• **Information provided**:
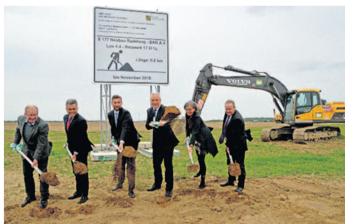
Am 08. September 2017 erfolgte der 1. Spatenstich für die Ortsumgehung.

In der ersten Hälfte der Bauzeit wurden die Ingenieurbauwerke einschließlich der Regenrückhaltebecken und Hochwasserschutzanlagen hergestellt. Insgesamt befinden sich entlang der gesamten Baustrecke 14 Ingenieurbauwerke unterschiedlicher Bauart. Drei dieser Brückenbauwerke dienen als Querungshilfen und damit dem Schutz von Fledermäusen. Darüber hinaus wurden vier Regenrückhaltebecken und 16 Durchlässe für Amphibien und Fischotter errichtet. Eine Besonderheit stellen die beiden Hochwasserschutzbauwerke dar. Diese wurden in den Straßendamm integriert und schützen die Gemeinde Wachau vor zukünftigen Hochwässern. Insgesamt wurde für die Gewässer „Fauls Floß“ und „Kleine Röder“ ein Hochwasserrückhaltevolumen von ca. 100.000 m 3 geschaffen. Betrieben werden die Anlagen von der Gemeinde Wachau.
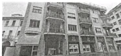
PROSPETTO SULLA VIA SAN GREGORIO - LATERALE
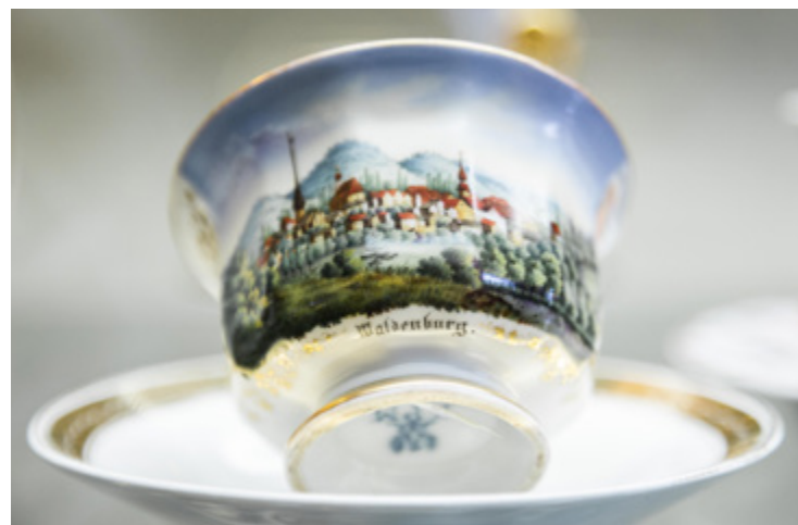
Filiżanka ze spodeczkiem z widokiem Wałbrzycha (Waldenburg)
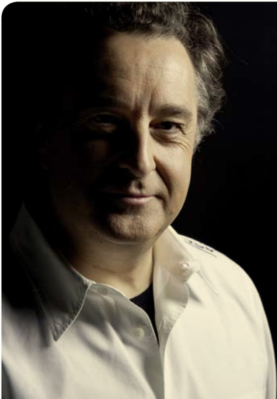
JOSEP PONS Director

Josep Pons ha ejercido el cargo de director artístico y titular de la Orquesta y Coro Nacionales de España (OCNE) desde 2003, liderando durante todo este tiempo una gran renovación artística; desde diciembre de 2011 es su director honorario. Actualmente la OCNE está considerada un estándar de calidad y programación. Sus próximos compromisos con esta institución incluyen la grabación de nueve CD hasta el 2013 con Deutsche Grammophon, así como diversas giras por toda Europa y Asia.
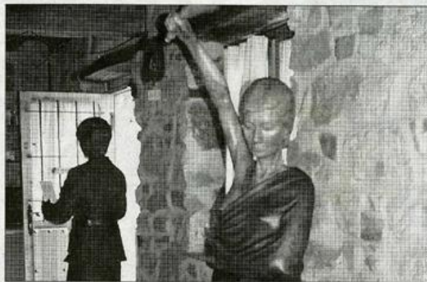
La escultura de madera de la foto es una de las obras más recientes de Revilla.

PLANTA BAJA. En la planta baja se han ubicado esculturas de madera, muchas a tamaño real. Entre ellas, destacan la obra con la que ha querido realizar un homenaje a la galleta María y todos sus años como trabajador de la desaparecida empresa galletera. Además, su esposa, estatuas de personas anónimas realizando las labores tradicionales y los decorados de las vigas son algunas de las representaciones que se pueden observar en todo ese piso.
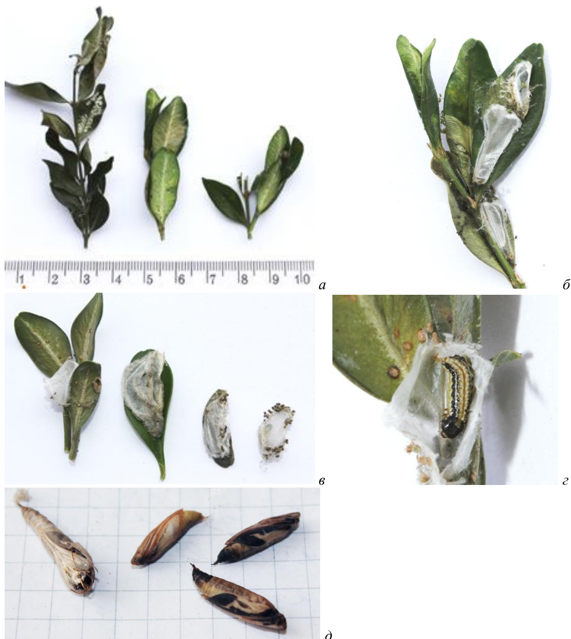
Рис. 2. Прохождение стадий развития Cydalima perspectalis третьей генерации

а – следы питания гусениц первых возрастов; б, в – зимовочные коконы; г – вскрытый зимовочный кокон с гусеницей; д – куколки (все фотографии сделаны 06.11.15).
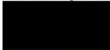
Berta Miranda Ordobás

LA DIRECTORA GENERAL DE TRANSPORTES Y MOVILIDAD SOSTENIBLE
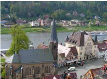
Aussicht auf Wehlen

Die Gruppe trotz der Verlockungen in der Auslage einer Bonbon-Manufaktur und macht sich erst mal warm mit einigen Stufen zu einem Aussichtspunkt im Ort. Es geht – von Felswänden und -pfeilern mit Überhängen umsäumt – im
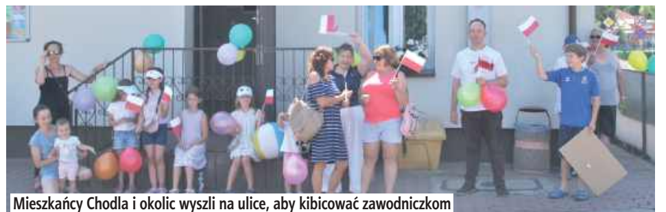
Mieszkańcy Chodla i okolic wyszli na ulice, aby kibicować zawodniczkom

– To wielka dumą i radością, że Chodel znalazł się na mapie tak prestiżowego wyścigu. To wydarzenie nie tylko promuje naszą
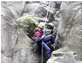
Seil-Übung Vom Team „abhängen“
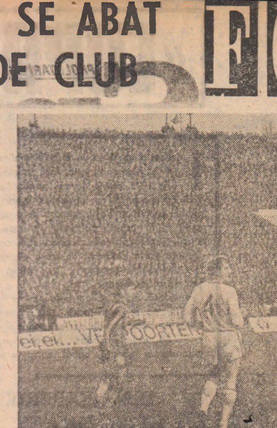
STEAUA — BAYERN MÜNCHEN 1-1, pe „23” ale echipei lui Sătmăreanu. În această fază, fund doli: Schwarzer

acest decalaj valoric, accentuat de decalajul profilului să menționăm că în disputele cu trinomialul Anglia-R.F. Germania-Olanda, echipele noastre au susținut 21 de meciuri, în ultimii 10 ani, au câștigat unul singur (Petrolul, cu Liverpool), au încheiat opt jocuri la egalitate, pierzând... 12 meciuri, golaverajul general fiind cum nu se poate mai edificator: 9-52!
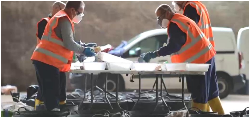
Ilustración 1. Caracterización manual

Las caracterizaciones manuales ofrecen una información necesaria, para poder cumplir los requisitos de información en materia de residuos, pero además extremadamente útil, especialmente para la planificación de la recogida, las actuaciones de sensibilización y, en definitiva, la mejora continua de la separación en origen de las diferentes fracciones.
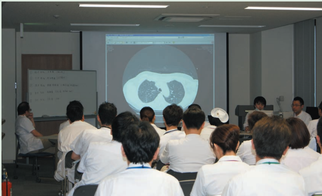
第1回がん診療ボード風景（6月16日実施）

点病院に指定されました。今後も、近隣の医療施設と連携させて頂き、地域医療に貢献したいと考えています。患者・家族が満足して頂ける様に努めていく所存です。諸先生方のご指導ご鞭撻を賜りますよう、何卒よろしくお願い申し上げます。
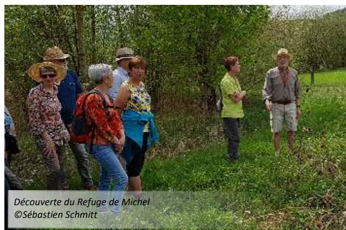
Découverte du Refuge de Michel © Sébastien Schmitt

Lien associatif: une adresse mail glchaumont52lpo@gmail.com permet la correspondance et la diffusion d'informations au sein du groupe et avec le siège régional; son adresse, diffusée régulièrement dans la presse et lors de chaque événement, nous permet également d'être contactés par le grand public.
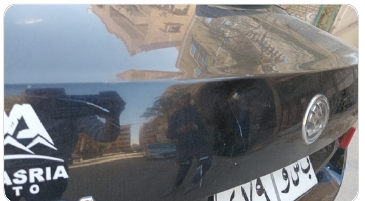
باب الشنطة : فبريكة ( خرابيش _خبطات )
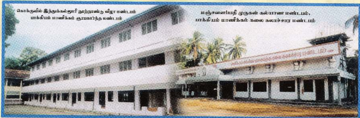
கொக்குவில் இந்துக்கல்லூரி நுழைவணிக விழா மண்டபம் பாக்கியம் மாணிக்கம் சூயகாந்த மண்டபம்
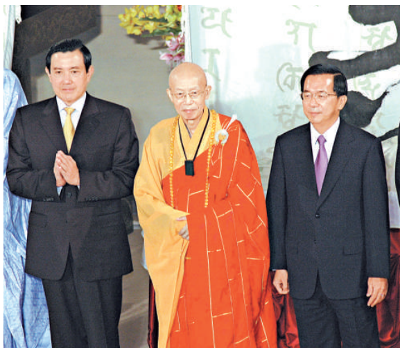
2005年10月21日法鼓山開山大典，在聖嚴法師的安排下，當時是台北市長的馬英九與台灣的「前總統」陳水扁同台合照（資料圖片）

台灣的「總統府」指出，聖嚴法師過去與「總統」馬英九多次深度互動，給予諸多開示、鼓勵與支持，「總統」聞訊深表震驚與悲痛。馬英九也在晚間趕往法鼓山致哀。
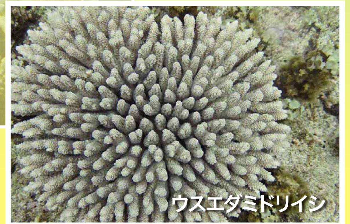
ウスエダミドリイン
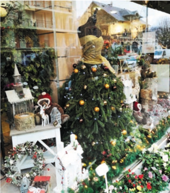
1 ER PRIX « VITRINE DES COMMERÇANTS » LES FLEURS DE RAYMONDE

* * *

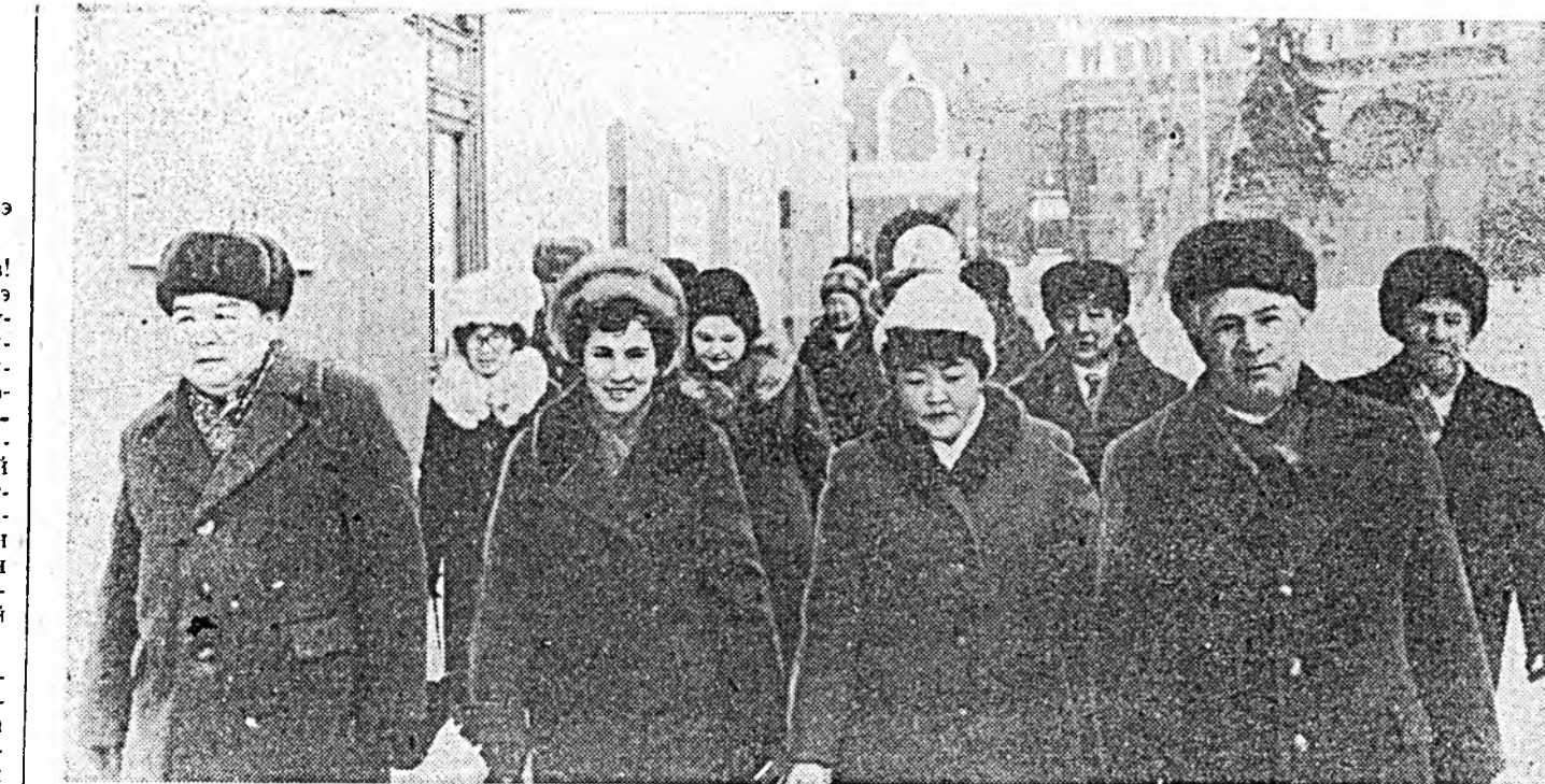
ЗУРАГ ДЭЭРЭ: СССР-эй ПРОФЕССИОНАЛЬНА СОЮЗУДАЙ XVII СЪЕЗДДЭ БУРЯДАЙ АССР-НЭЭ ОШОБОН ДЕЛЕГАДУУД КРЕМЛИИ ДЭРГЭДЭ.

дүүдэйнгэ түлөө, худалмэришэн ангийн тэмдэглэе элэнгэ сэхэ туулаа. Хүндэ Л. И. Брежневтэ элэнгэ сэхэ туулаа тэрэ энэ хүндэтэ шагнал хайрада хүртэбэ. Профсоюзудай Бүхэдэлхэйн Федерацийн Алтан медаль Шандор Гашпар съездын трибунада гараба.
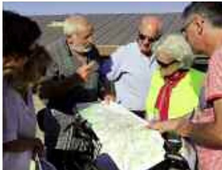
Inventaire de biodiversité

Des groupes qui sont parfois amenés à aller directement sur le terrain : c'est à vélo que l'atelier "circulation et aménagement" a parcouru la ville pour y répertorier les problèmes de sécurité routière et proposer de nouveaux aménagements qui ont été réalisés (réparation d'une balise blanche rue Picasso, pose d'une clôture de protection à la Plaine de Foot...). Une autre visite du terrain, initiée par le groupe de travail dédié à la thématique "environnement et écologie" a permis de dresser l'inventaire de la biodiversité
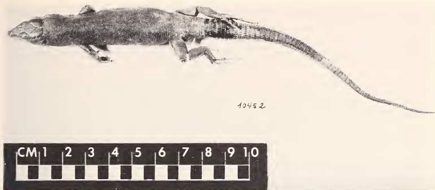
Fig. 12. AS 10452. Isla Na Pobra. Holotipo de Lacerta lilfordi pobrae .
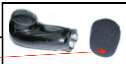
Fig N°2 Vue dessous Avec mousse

• **Aim of the exercise**:
Starting at the line above that has "Berta Miranda Ordobás" and ending at the line that has "STEAUA — BAYERN", copy each line exactly, leaving the pictures out and adding nothing.

• **Response**:
Berta Miranda Ordobás

LA DIRECTORA GENERAL DE TRANSPORTES Y MOVILIDAD SOSTENIBLE
Aussicht auf Wehlen

Die Gruppe trotz der Verlockungen in der Auslage einer Bonbon-Manufaktur und macht sich erst mal warm mit einigen Stufen zu einem Aussichtspunkt im Ort. Es geht – von Felswänden und -pfeilern mit Überhängen umsäumt – im
Mieszkańcy Chodla i okolic wyszli na ulice, aby kibicować zawodniczkom

– To wielka dumą i radością, że Chodel znalazł się na mapie tak prestiżowego wyścigu. To wydarzenie nie tylko promuje naszą
Seil-Übung Vom Team „abhängen“
STEAUA — BAYERN MÜNCHEN 1-1, pe „23” ale echipei lui Sătmăreanu. În această fază, fund doli: Schwarzer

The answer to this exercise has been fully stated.